13. The pipe gripping assembly according to claim 7, wherein the
motor is a stepping motor.
14. The pipe gripping assembly according to claim 7, wherein the
motor is pneumatically, hydraulically, or electrically powered.
15. A pipe gripping assembly comprising: a first tubular with a
bore, an upper coupling at an upper end for connection to a top
drive of a drilling rig, and a lower coupling at a lower end; a
tapered body coupled to the first tubular via the lower coupling; a
second tubular with a threaded portion; a motor mounted to the
second tubular and having an external gear; a third tubular with an
external spline in meshing engagement with the external gear, the
third tubular having a threaded portion and a lower end having a
coupling, wherein the third tubular is threaded to the second
tubular via the respective threaded portions; and a set of slips
mounted on the tapered body and connected to the coupling of the
third tubular, wherein rotation of the gear by the motor causes the
third tubular to rotate relative to the second tubular, and the
threaded portions cause the third tubular to move axially relative
to the second tubular, thereby moving the slips along the tapered
body to an extended or a gripping position.
16. The pipe gripping assembly of claim 15, further comprising: a
spear head releasably carried by the mandrel; and a cup seal
mounted to the spear head for sealing engagement with an inner
diameter of the pipe.
17. The pipe gripping assembly of claim 16, further comprising: a
plug launcher carried by the mandrel in lieu of the spear head, the
plug launcher having a passage that registers with a passage in the
mandrel; and a plug releasably mounted to the plug launcher, the
plug having a passage that registers with the passage in the plug
launcher, the passage in the plug having a seat therein for
engagement by an object dropped through the passage in the quill,
enabling fluid pressure applied to the passage of the quill to
release and pump the plug down the pipe.
18. The pipe gripping assembly of claim 15, wherein the first
tubular is rotatable relative to the second and third tubulars.

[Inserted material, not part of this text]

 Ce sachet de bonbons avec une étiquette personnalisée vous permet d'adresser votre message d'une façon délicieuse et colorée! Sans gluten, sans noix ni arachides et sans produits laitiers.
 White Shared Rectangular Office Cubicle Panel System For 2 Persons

19. The pipe gripping assembly of claim 15, wherein the threaded
portion of the second tubular is on an external portion of the
second tubular, and the threaded portion of the third tubular is on
an internal portion of the third tubular.
20. The pipe gripping assembly of claim 15, further comprising a
lower bearing between the slips and the third tubular that enables
the first tubular and the slips to rotate in unison and relative to
the second and third tubulars.
21. A method of connecting first and second joints of pipe on a rig
using a top drive, the method comprising: (a) mounting a pipe
gripping assembly to the top drive; (b) positioning the first joint
of pipe in slips on the rig; (c) positioning the second joint of
pipe in a location where the pipe gripping assembly may engage the
second joint of pipe; (d) actuating a motor on the pipe gripping
assembly to move a set of slips into gripping engagement with the
second joint of pipe; (e) moving the top drive to a position that
inserts a lower end of the second joint of pipe into engagement
with an upper end of the first joint of pipe; (f) rotating the top
drive and the slips to connect the first and second joints of pipe
to each other; wherein step (d) comprises: rotating a shaft of the
motor; converting rotation of the shaft to axial movement relative
to an axis of the pipe gripping assembly; and moving the slips
axially relative to the quill in response thereto.

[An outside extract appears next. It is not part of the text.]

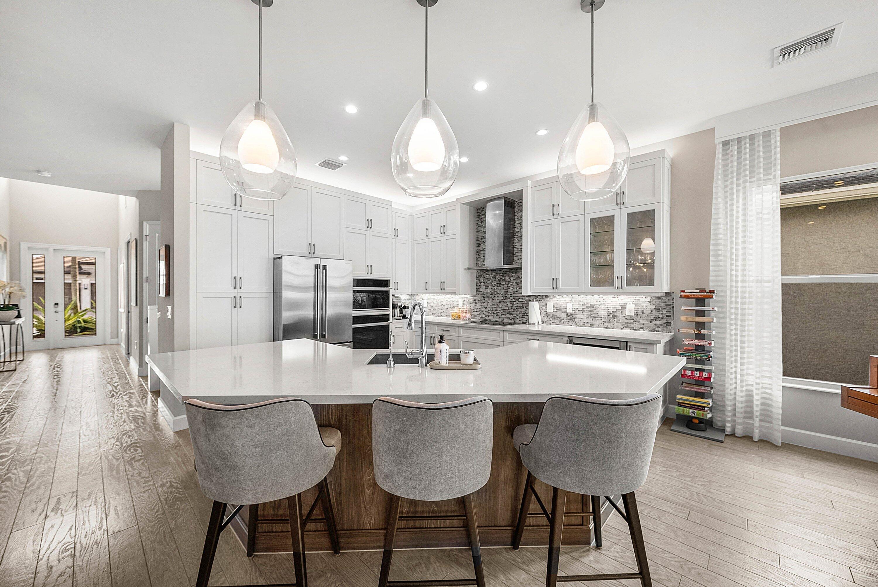 A true standout in Polo Trace, this impeccably curated 4-bedroom Lucerne model sets the benchmark for luxury. Built in 2020 and set on a premium lakefront lot just steps from the clubhouse, this residence showcases an exceptional level of upgrades and customization. The home features engineered hardwood flooring, built-ins, feature walls, custom closets, remote-controlled window treatments, designer wall paper, a walk-in pantry, garage with epoxy flooring and an exquisite chef's kitchen. The outdoor space is highlighted by a screened-in patio and heated pool overlooking tranquil lake views. Residents enjoy resort-style amenities, including The Palms restaurant, multiple pools, tennis, pickleball, bocce, a playground and fitness center--all conveniently located in the heart of Delray Beach

22. The method of claim 21, further comprising the step of flowing
a slurry through the joints of pipe from a bore in the top drive.
Description
FIELD OF THE INVENTION
This invention relates in general to mechanically actuated pipe
grippers used to handle pipe during oil and gas well drilling and
pipe running operations.
BACKGROUND OF THE INVENTION
During oil and gas well drilling operations, strings of pipe are
used to both drill the well and line the drilled hole with conduit.

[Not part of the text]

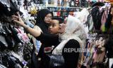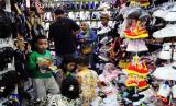 REPUBLIKA.CO.ID, DUMAI -- Sejumlah pengunjung memilih sendal dan sepatu yang akan dibeli untuk Lebaran di Pasar Senggol Kota Dumai, Riau, Selasa (18/4/2023).

The pipe is made up of discrete sections of pipe, each
approximately 40 ft in length or in stands of approximately 90 feet
in length. These sections of pipe are made up to one another at the
rig via locking and sealing connections, typically threads, and
then lowered into the well. In many cases, it is necessary to turn
the connected sections of pipe while lowering them into the well,
either to support a drilling activity or to help keep the pipe from
becoming stuck in the well.
In recent years, the rigs used to drill wells and install pipe have
been modified to automate much of these activities that previously
involved men working on the rig floors exposed to potentially
dangerous conditions. Many modern rigs now have automated spiders
at the rig floor to support the sections of pipe already installed
in the well; top drives with pipe handling tools for gripping
sections of pipe, lifting them and turning them; and other
ancillary equipment to assist in the handling and manipulation of
the pipe during drilling and running operations.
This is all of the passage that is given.